"O Sistema Conselhos de
Psicologia, desde 2005, tem provocado e participado de debates em diferentes
espaços sobre o tema da escuta de crianças e adolescentes no Sistema de
Justiça, vítimas ou testemunhas de violência. Tais debates, fundamentados nos
parâmetros éticos e técnicos da Psicologia como ciência e profissão e nos
princípios da proteção integral e da prioridade absoluta de crianças e
adolescentes, previstos na Lei nº 8069/1990 (Estatuto da Criança e do
Adolescente), resultaram na publicação da Resolução CFP Nº10/2010, que indicou
princípios norteadores e referenciais técnicos para a realização da escuta
psicológica na Rede de Proteção.
A publicação da normativa foi considerada polêmica
pelo fato de vedar ao psicólogo o papel de inquiridor e o debate não cessou. A
interlocução com profissionais do Serviço Social, Direito, Antropologia,
Medicina e outras ciências humanas e da saúde, fez prosperar a compreensão dos
argumentos contrários à inquirição de crianças e adolecentes, em diferentes
segmentos da sociedade e outros espaços de debates se abriram.
A discussão se ampliou para além do aspecto
procedimental e passou-se a questionar se a mudança de ambiente e de estratégia
de fato reassegura direitos, visto que coloca crianças e adolescentes apenas
como “objeto” de produção de prova, com vistas à responsabilização do agressor.
Há consenso entre os que repudiam e os que
defendem a criação de salas especiais para que se realizem o denominado
“depoimento sem dano” ou “depoimento especial” de que é necessário evitar a
revitimização de crianças e adolescentes que são colocados em sucessivas
situações de repetição da história da violência vivida ou presenciada. Não há
consenso, entretanto, no entendimento de que a inquirição não seja
revitimizante ou violadora de direitos, mesmo em ambientes mais humanizados,
visto que seu único objetivo é a responsabilização do agressor. “Procedimentos
voltados para sobrecarregar a criança com a produção de prova precisam ser
repensados e reexaminados à luz dos Direitos Humanos, da proteção integral e
dos conhecimentos científicos disponíveis em diferentes áreas do saber”, afirma
a Procuradora de Justiça, Maria Regina Fay de Azambuja (2012).

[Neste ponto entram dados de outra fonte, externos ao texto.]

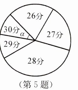 5. 为了解某校八年级学生体育测试成绩情况,现从中随机抽取部分学生的体育成绩整理如下表,并绘制成如图所示的扇形统计图,其中,扇形统计图中的圆心角α为36°。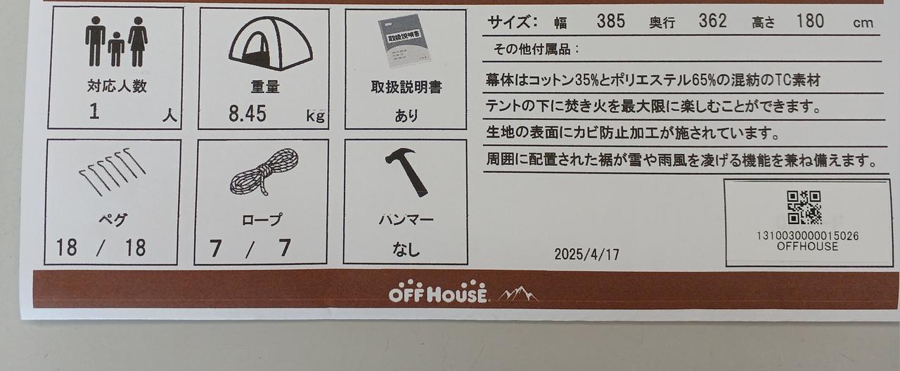 | 発送目安 | 1-2日後 |

Muitas outras questões vêm sendo incorporadas ao
debate que continua tendo como desafio a articulação entre o sistema de justiça
penal e a necessária garantia da proteção dos direitos de crianças e
adolescentes, vítimas ou testemunhas.
Ainda que sejam imputadas decisões judiciais aos
profissionais, o debate está longe de ser finalizado. Importa destacar, nesse
contexto, a Moção de Repúdio aprovada na 9ª Conferencia Nacional dos Direitos
da Criança e do Adolescente, realizada entre 11 e 14 de Julho de 2012, em
Brasília. Nessa moção, repudia-se o financiamento de “salas especiais” pela
Secretaria de Direitos Humanos da Presidência da República e destaca-se a
importância de que o Conselho Nacional dos Direitos da Criança e do Adolescente
(CONANDA), instância máxima de deliberação das políticas da infância e
adolescência no país, estabeleça um amplo debate e se posicione frente ao tema.
No campo da Psicologia, especificamente,
destaca-se que não é papel do profissional realizar inquirição, monitorado pelo
juiz que lhe determina as perguntas a serem feitas à criança e ao adolescente.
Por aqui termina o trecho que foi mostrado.